Ref.	Year	Presenting symptoms	Key findings
Shanker et al[1]	2024	GI bleeding, obstructive jaundice	GISTs are rare, accounting for 3%-5% of duodenal cases. GISTs can present with symptoms like GI bleeding and jaundice
Yang et al[18]	2025	Fatigue, melena	GISTs in children are often asymptomatic but can present with fatal GI bleeding; initial misdiagnosis can occur
Amin et al[14]	2024	Melena, anemia	A duodenal GIST mimicking other conditions, emphasizes importance of considering GIST in differential diagnosis of duodenal lesions
Marques-Antunes et al[17]	2024	Not specified	Pathological complete response after neoadjuvant imatinib therapy in recurrent duodenal GIST, highlighting molecular testing
Fournier et al[15]	2024	Duodenal mass	Duodenal GNET can mimic GISTs; early recognition is essential due to poor prognosis and its ability to metastasize

GI: Gastrointestinal; GIST: Gastrointestinal stromal tumor; GNET: Gastrointestinal neuroectodermal tumor.

CONCLUSION

In this case, a duodenal GIST was initially misdiagnosed as pancreatic cancer due to its presentation with obstructive jaundice and similar imaging characteristics. The definitive diagnosis was only made postoperatively through histopathological examination, highlighting the challenges in diagnosing rare tumors like GISTs. However, AI could have significantly improved the preoperative diagnostic process by analyzing computed tomography scan images and identifying features suggestive of a GIST, helping clinicians make a more accurate diagnosis before surgery.

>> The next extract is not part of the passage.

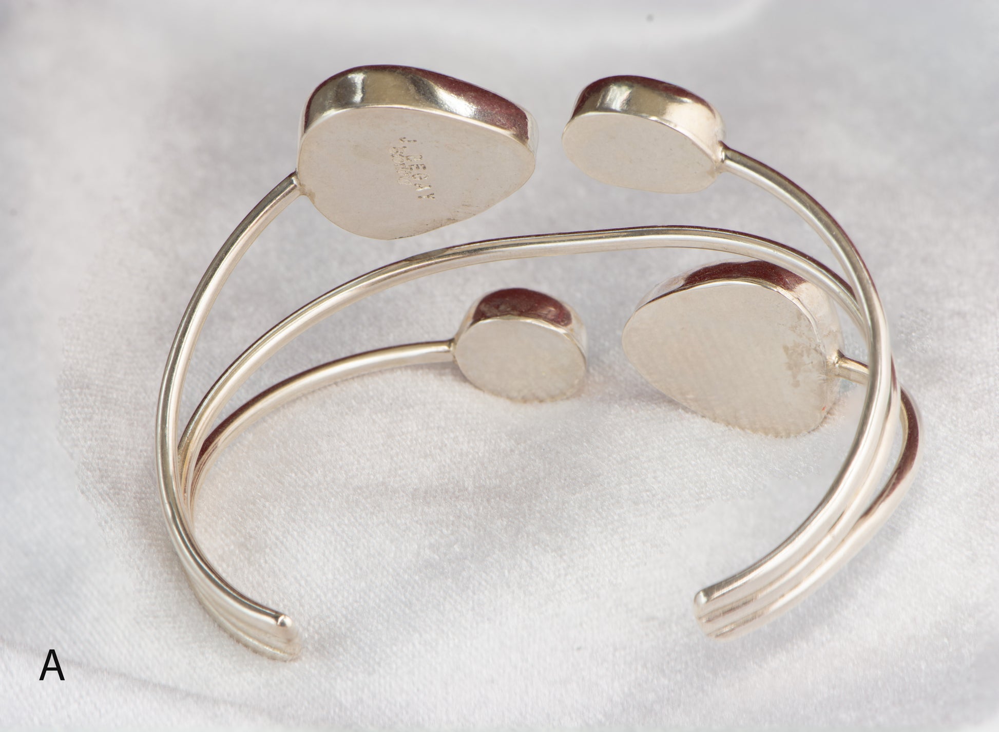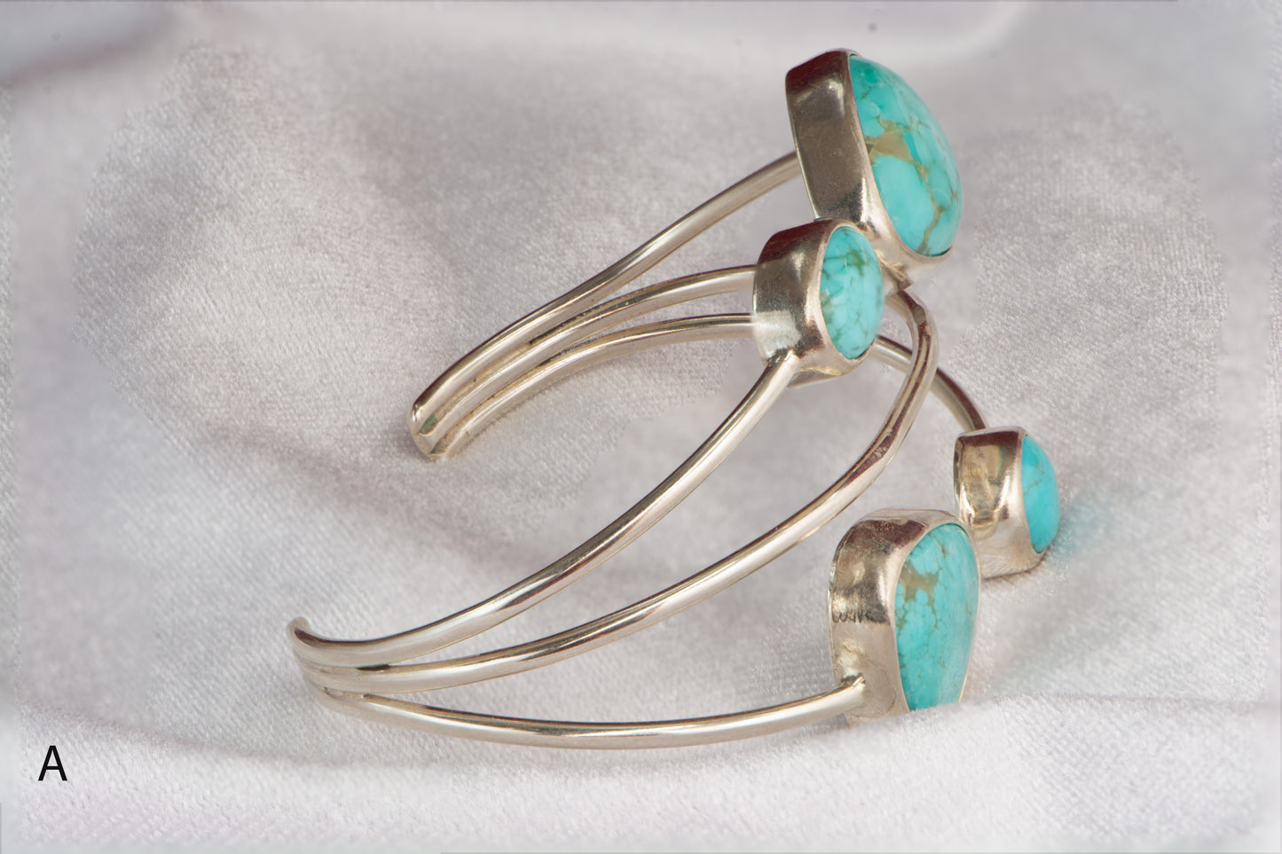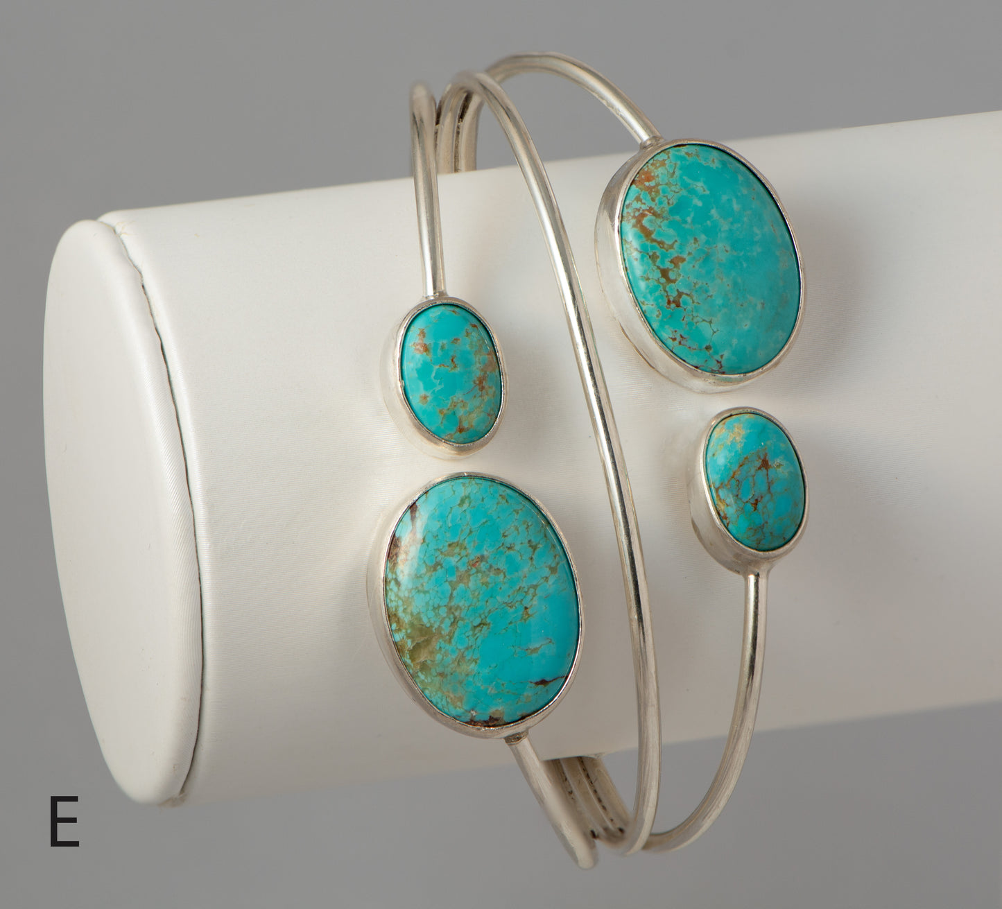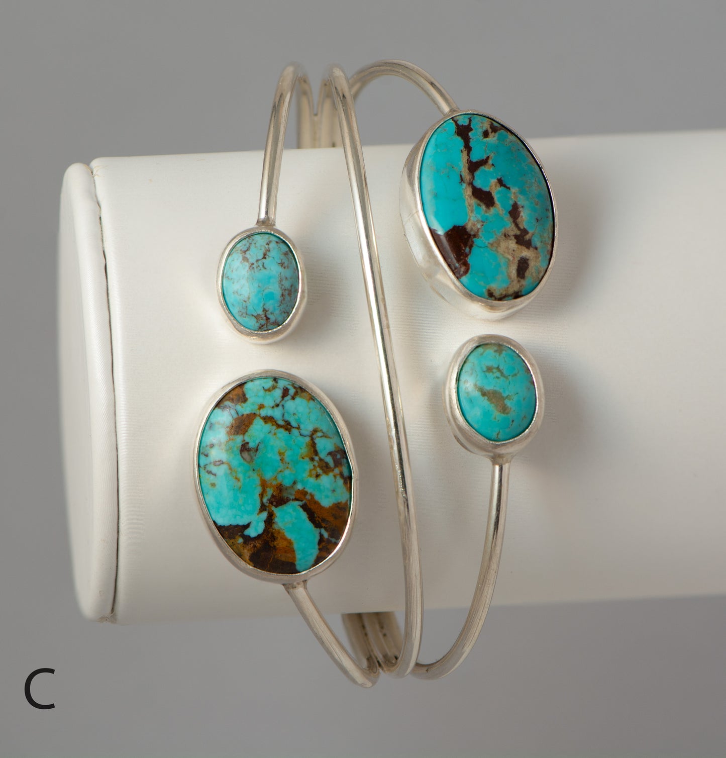 Jan Begay takes sterling wire rod, 4 beautiful, true Kingman turquoise and individualistic stones. He sets them in .925 sterling silver, giving the illusion of mass with but a featherweight on the wrist.

By using AI-enhanced imaging analysis and radiomic features, clinicians could have better distinguished the duodenal GIST from pancreatic cancer, reducing diagnostic errors and enabling more targeted treatment decisions. AI could have also provided valuable insights into the tumor’s behavior, such as its aggressiveness and response to treatment, helping guide adjuvant therapy decisions, such as the use of imatinib. As AI continues to evolve, it is poised to play a critical role in transforming the diagnostic pathway for rare cancers like duodenal GISTs, improving early detection, treatment outcomes, and patient survival. The integration of AI into clinical practice holds tremendous promise for enhancing diagnostic accuracy, improving patient care, and reducing the risk of misdiagnosis in challenging cases.